FPT and kernelization

We prove the following theorem.

Theorem. A parameterized problem Q admits a kernelization iff it is in Q \in \text{FPT}.


(\Rightarrow) Suppose Q admits a kernelization. Then there is a polytime algorithm \mathcal{A} such that for all instance (I,k) of Q, the instance \mathcal{A}(I,k) is equivalent with (I,k) and that \text{size}_{\mathcal{A}}(k) \le g(k) for some computable function g. Suppose also A runs in n^c time where n=|I|+k. Note that the kernel is bounded by k and hence the processing time will also be bounded by some computable function in k, say h(k). Hence, the running time for deciding if (I,k) is a yes- or no-instance is h(k)+n^c \le h(k) \cdotp n^c (assuming h(k) \ge 1 for k \ge 1). Hence, Q is in FPT.

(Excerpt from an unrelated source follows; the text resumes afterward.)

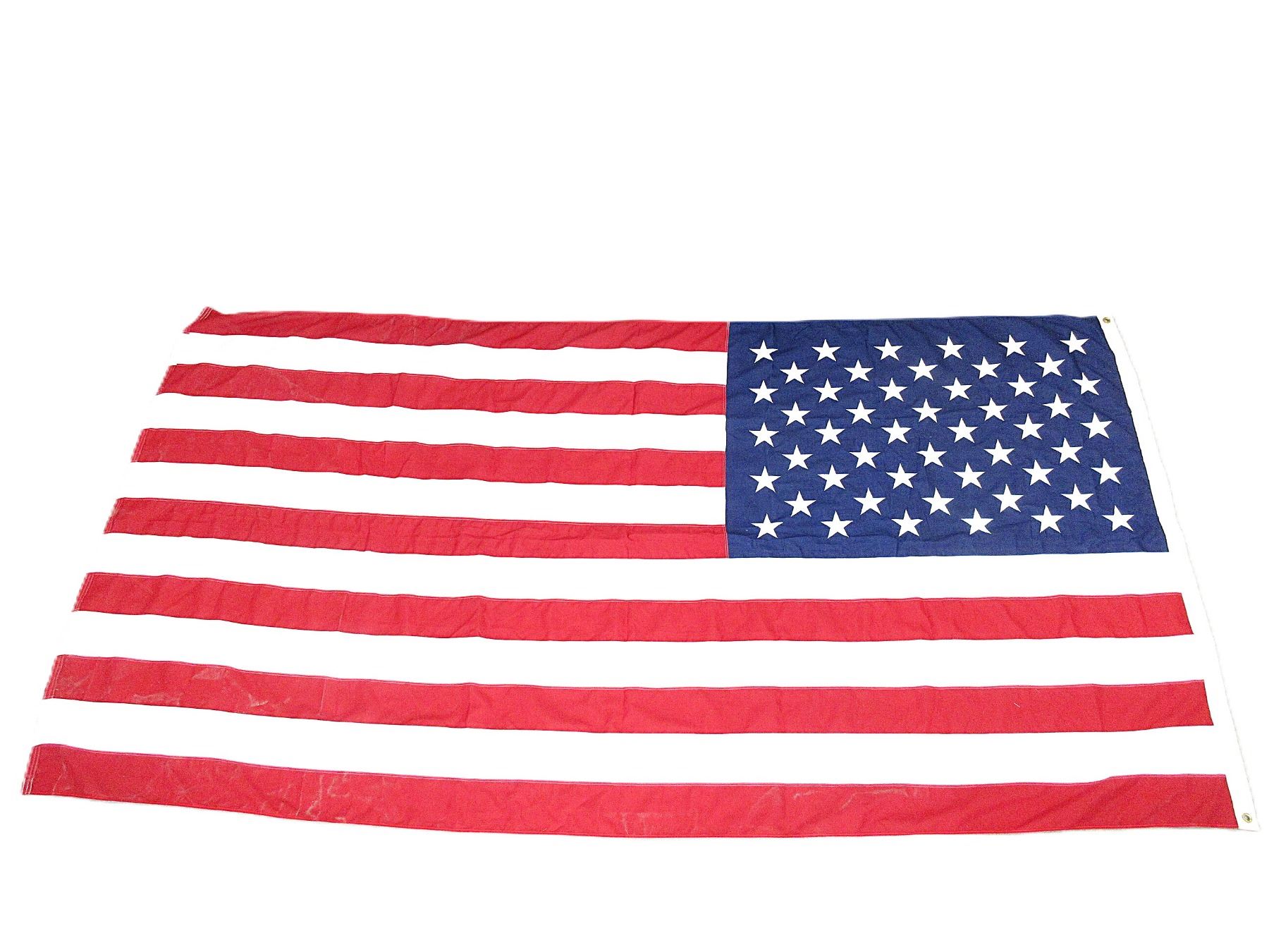 (1) RED / WHITE / BLUE ROUGH POLYESTER WITH 50 STARS, FLAG MARKED: "100%, SPUN POLYESTER, MADE IN THE U.S.A., VALLEY FORGE", EACH RED / WHITE STRIPE SEWN TOGETHER & SEWN TO BLUE PANEL, WHITE STARS INDIVIDUALLY EMBROIDERED ON BLUE PANEL, TWO BRASS GROMMETS & APPROX. 114.5" X 58". SEE PHOTOS.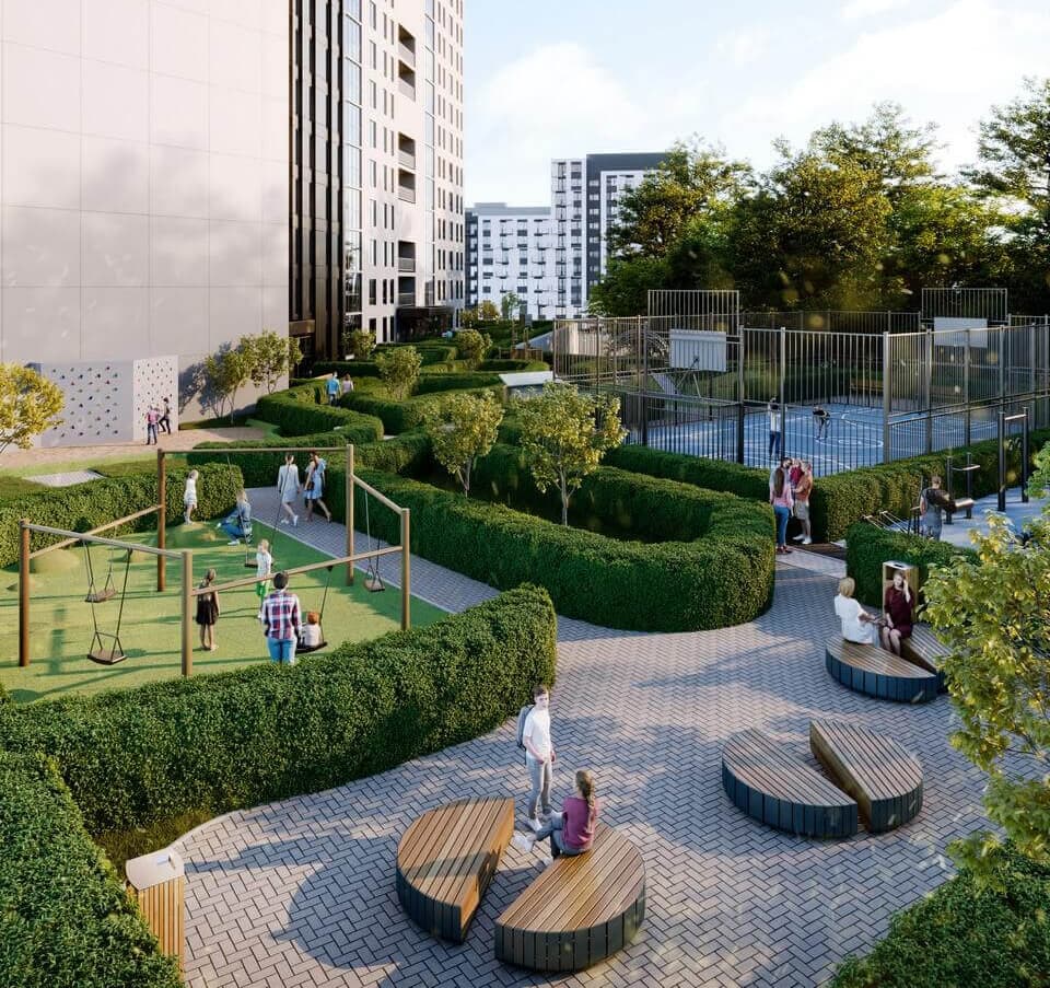 Планировочным решением двор разделён на две части: Прогулочную, которая будет расположена вдоль дома и зону для игр и занятий спортом. На детской площадке будут размещены зоны для игр малышей и детей постарше с безопасным покрытием. Так же на территории двора предусмотрена зона Воркаута. Будут выполнены ландшафтный дизайн и вечернее освещение.

(\Leftarrow) Suppose that Q is in FPT. Hence, there exists an algorithm \mathcal{A} that decides every instance (I,k) of Q in f(k) \cdotp n^c for some computable function f and polynomial p. We want a kernelization algorithm. The kernelization algorithm simulates \mathcal{A} on input (I,k) in time of n^{c+1}. If it gives an output yes or no instance, then just pass this output. If it does not give an output yet, return (I,k) as this means that f(k) \cdotp n^c \ge n^{c+1}, i.e. n \le f(k). Hence, the input  size is already bounded by some function in k. Note that the kernelization algorithm runs in polytime. Hence, Q admits kernelization. \square


Non-deterministic version of accepting and deciding

{\bf NP} is the class of languages that can be decided in polynomial time by a non-deterministic Turing Machine. Now let {\bf NP}' be the class of languages that can be recognized in polynomial time by a non-deterministic Turing machine.

We can ask the same question: Is {\bf NP}={\bf NP}'?

Theorem. {\bf NP}={\bf NP}'.

The proof is almost the same, except that we use non-deterministic Turing Machine, instead of deterministic one. For completeness of the detail, I will write the proof.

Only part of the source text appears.